Winter has been mild so far here, which is fine with me.  So there are some tiny bits of color scattered around the yard.

First, I must apologize for the quality of some of the pictures – not totally in focus.

Dianthus have survived a couple of freezes really well.

This Globe Mallow (Sphaeralcea munroana) has had some blooms that don’t stay open for more than a day.  It’s a native with dusty green curly leaves and is a good performer in both the summer heat and a mild winter.

Texas Flowering Quince (Chaenomeles japonica) usually has some flowers in January or February.One lone Daffodil has opened up.

Several years ago I bought this at a garden club sale and was told that it was an evergreen fern.  Turns out, it is a native Yarrow with white flowers.  But it is evergreen.

Pittsporoum in a pot provides some green, but the tips of the leaf edges are a little crisp from an earlier freeze.

Another native Yarrow has completely different leaves.  I think this is Moon Dust Yarrow (Achillea ‘Novaachdus’).  It is somewhat evergreen with dusty green leaves and does not reseed.

This hardy Ice Plant is amazing.  It’s been in the same pot on the back porch for years.  In cold weather, the foliage looks a little ragged, but it keeps on blooming even in freezing weather.  The pot is in a corner spot which protect it from harsh winds.

Yes.  I do know that this is a weed.  But the Henbit (Lamium amplexicaule) will be easy to pull out of this pot when I want to get rid of it.

I think it’s pretty, and it is color.  Can’t be too choosy in the winter.

Spectacular sunrises start the day with cheery color.

On a cloud covered morning came brilliant red on the horizon.

While we’re enjoying a mild winter, I realize that further north, a polar vortex has struck with devastating temperatures.  I pray for safety for everyone experiencing this.

“Winter is the time for comfort, for good food and warmth, for the touch of a friendly hand and for a talk beside the fire: it is the time for home.”   Edith Sitwell

4 thoughts on “Winter Color

  1. I always enjoy your flowers & other plants. Some I recognize and others, I don’t. But thanks for giving me their names.
    I grew up with a flowering quince just outside the front door, however, Mother always called it a hawthorne. I didn’t know the difference until recent years.
    And Henbit is plentiful, especially in the spring, in most of our yard.

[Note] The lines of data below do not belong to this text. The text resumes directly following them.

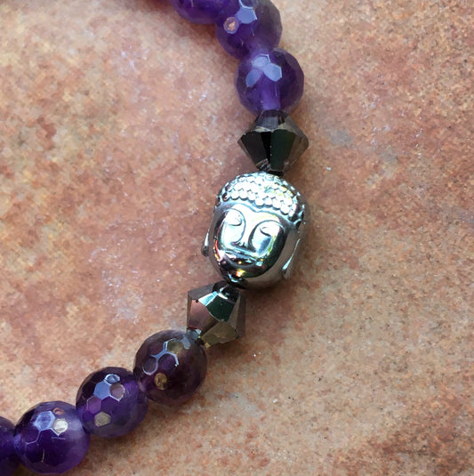 Women's "SHINE" Bracelet with Amethyst, Swarovski, and Hematite Buddha Gemstones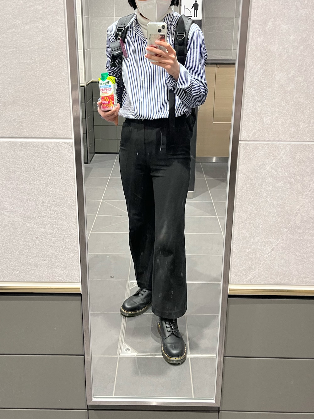 ジュースを片手に出勤コーデ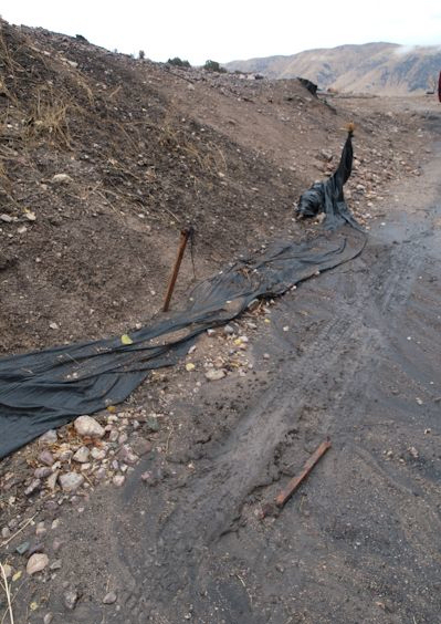 It began to rain again. I found an unused silt and took a rock six times the size of my hand and pounded the stakes into the ground. I tucked the bottom edge under and secured it with a few smaller rocks so that it could trap anything that rolled off of the mountain before it could roll into the road. I was muddy and wet. Each time I picked up a rock to place it more safely in the mud I remembered it. Each rock had found its home along my driveway. I had arranged them in a decorative and functional path working with the vegetation to keep the erosion in check. Now there were no plants to help with that plan even though the rocks kept their vigil over what had been my driveway.

    We are experiencing very cold temperatures today with the forecast calling for even lower temperatures tonight. And our snow accumulation lasted a couple of hours and then the sun took care of what we had heard would be a blizzard! So I’m very thankful. I’m hoping the mail and newspaper will have arrived when I make my trek to the street.

    • Thanks for your comments. One of the things I’ve learned in my old age is that common names for plants are not very accurate.
      Maybe if I had started years ago, I could have memorized their Latin names. Of course, that ain’t happening now. So I spend a
      lot of time looking up correct names.

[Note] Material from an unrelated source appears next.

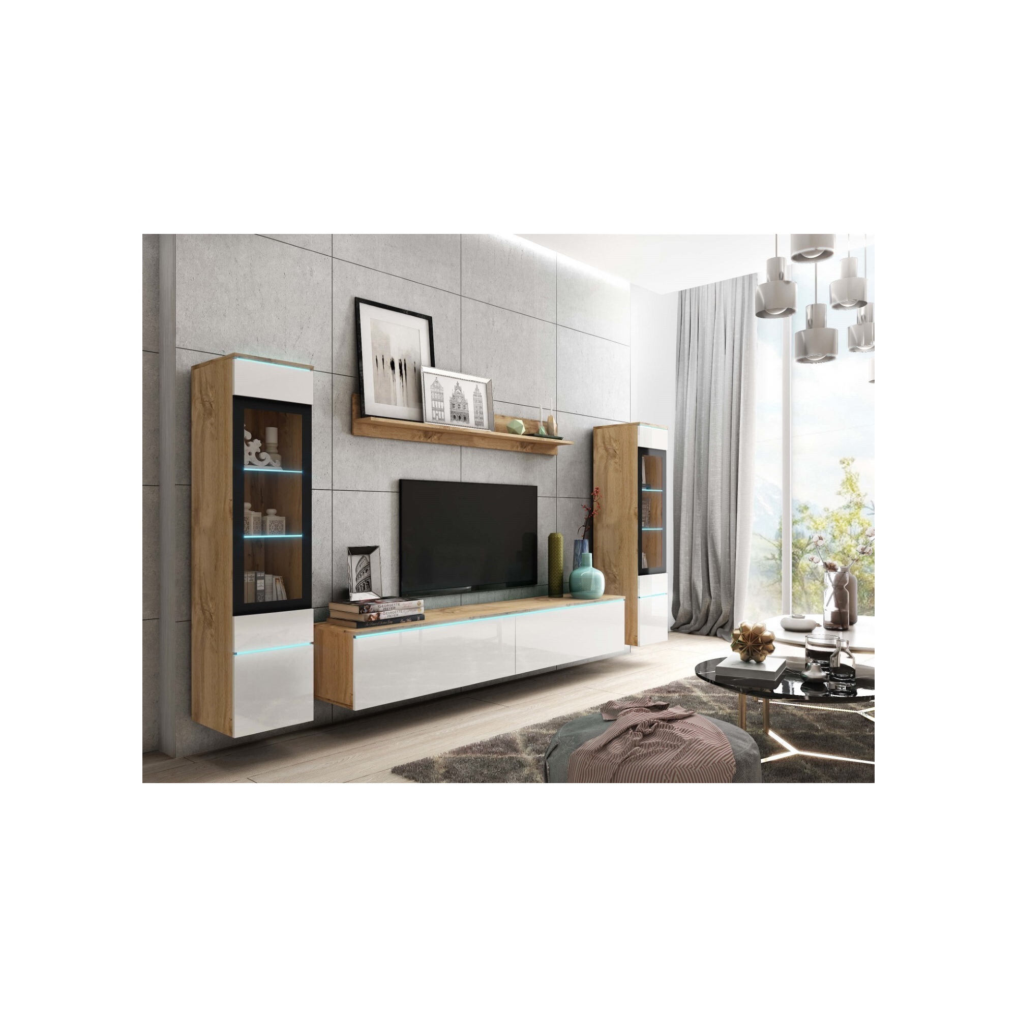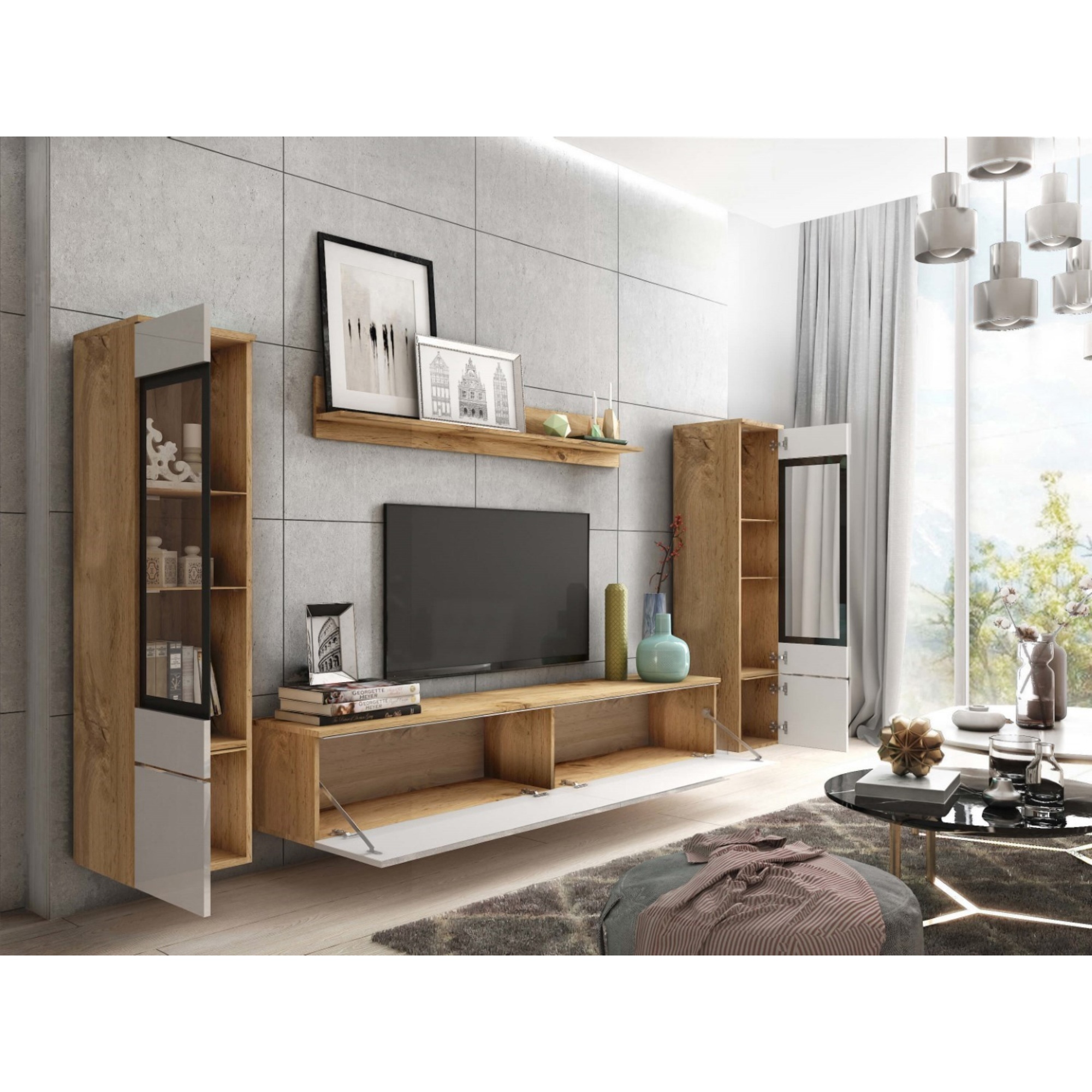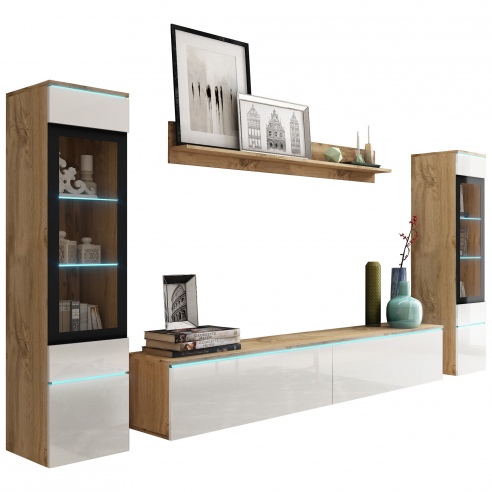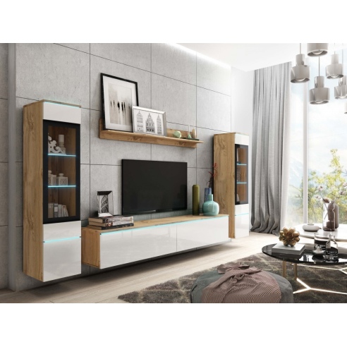 Meblościanka do salonu VEVE 2 wotan/czarny połysk

      I hope you’re not in the part of the deep south that is expected to get the really low temperatures. The news reports about the polar vortex are scary.

      Stay warm and safe.
      Wanda

  2. Since the first of January we have received 6.67 inches of rain. The temperature this morning is 21 degrees and the wind is strong. Daffodils are coming up along the driveway and in some flower buds. Since the fall leaves were not removed, they are surely kept warmer by that blanket. I’ve seen a couple that have started to open. In a few weeks they will be putting on a show!